[THE RECORDS]:

# # # # #

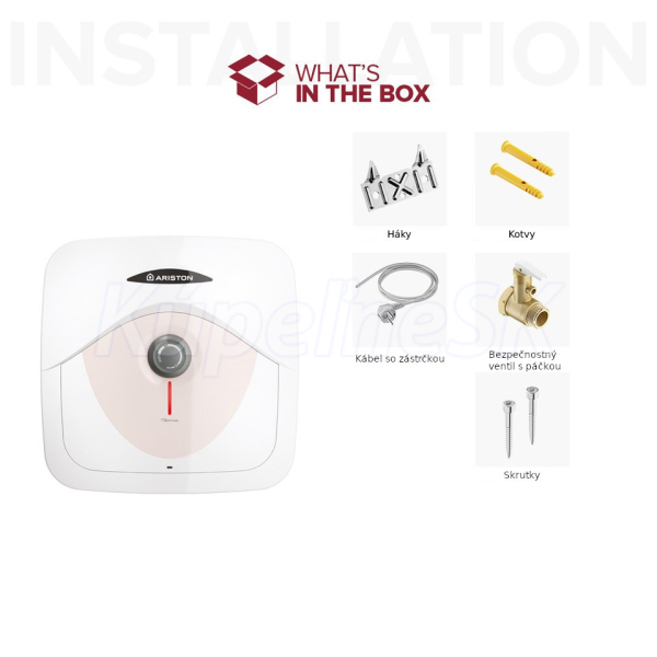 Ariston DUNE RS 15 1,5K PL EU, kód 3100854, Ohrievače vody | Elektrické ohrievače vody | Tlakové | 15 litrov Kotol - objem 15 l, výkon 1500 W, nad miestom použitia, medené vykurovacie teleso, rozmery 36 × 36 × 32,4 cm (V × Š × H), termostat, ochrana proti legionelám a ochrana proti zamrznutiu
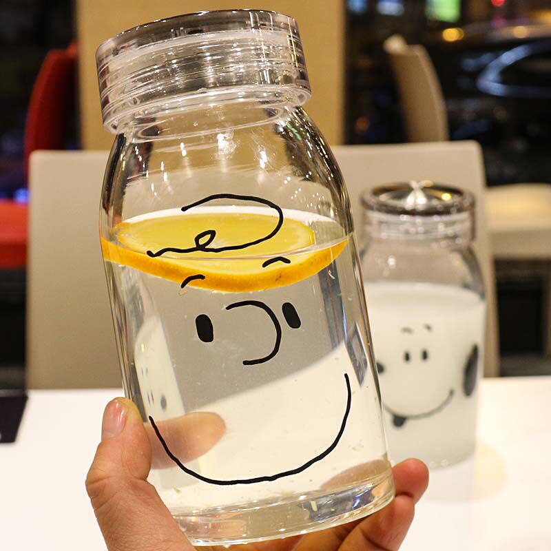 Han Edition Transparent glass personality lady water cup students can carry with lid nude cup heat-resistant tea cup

# # # # #

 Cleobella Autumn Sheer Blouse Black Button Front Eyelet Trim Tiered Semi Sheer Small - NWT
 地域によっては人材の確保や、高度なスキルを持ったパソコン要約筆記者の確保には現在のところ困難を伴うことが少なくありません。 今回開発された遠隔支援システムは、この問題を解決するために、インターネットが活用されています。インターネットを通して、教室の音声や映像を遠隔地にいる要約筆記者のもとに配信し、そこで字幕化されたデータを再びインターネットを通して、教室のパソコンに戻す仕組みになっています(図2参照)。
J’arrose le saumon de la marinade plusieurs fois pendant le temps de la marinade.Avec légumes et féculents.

# # # # #

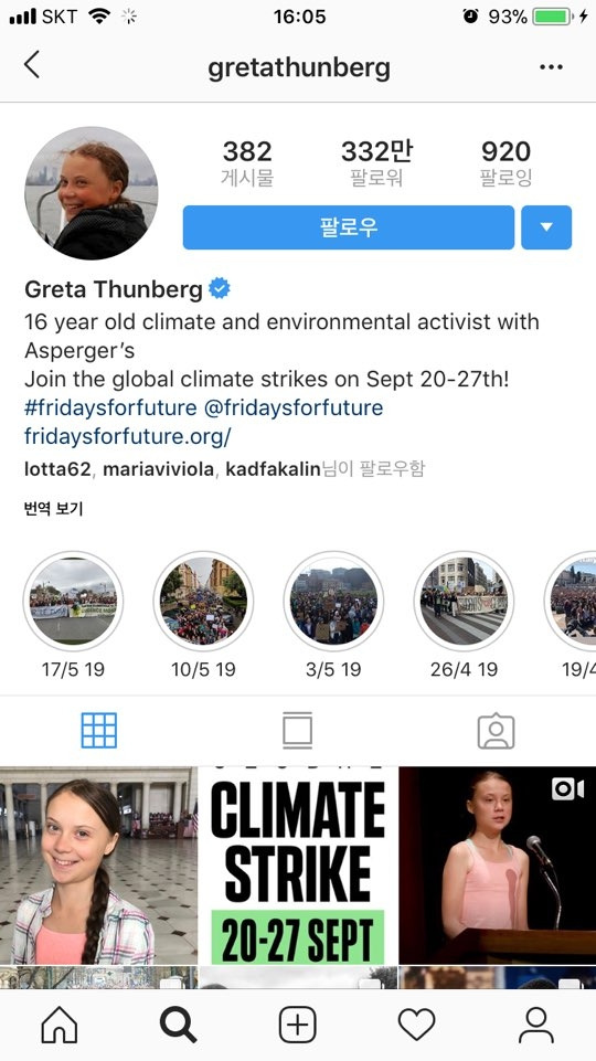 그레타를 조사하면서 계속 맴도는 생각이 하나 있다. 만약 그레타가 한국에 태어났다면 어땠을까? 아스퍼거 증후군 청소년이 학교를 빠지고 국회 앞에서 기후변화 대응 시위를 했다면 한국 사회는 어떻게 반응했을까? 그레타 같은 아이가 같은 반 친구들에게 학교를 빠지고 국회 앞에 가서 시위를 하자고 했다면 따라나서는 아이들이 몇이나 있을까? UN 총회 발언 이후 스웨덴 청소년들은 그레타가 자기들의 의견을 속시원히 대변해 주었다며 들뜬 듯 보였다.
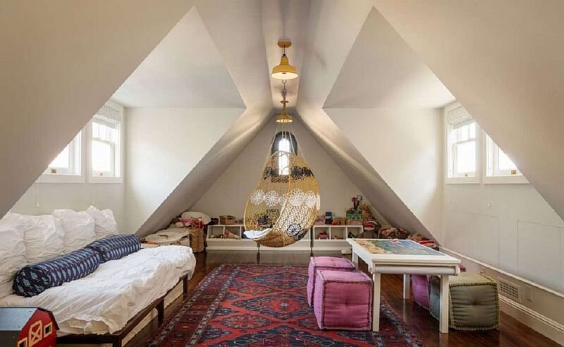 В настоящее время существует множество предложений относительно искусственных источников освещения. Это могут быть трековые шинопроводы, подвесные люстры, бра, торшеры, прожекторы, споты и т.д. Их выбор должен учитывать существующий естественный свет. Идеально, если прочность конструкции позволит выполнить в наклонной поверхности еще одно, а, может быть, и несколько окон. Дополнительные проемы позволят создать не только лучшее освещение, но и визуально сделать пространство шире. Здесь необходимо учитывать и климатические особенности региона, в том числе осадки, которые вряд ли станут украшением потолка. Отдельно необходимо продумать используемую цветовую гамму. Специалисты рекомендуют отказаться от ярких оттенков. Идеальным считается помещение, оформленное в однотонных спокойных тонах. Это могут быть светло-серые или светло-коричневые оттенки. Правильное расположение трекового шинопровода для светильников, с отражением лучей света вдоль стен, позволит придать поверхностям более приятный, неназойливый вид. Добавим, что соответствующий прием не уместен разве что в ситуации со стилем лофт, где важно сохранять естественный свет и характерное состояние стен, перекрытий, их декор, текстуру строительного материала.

# # # # #

[GOAL OF THE EXERCISE]: Above are the records. Copy only the lines from the one with "Ariston DUNE RS" through the one with "Han Edition Transparent", exactly, with no pictures.

[REPLY TO THE EXERCISE]:
 Ariston DUNE RS 15 1,5K PL EU, kód 3100854, Ohrievače vody | Elektrické ohrievače vody | Tlakové | 15 litrov Kotol - objem 15 l, výkon 1500 W, nad miestom použitia, medené vykurovacie teleso, rozmery 36 × 36 × 32,4 cm (V × Š × H), termostat, ochrana proti legionelám a ochrana proti zamrznutiu
 Han Edition Transparent glass personality lady water cup students can carry with lid nude cup heat-resistant tea cup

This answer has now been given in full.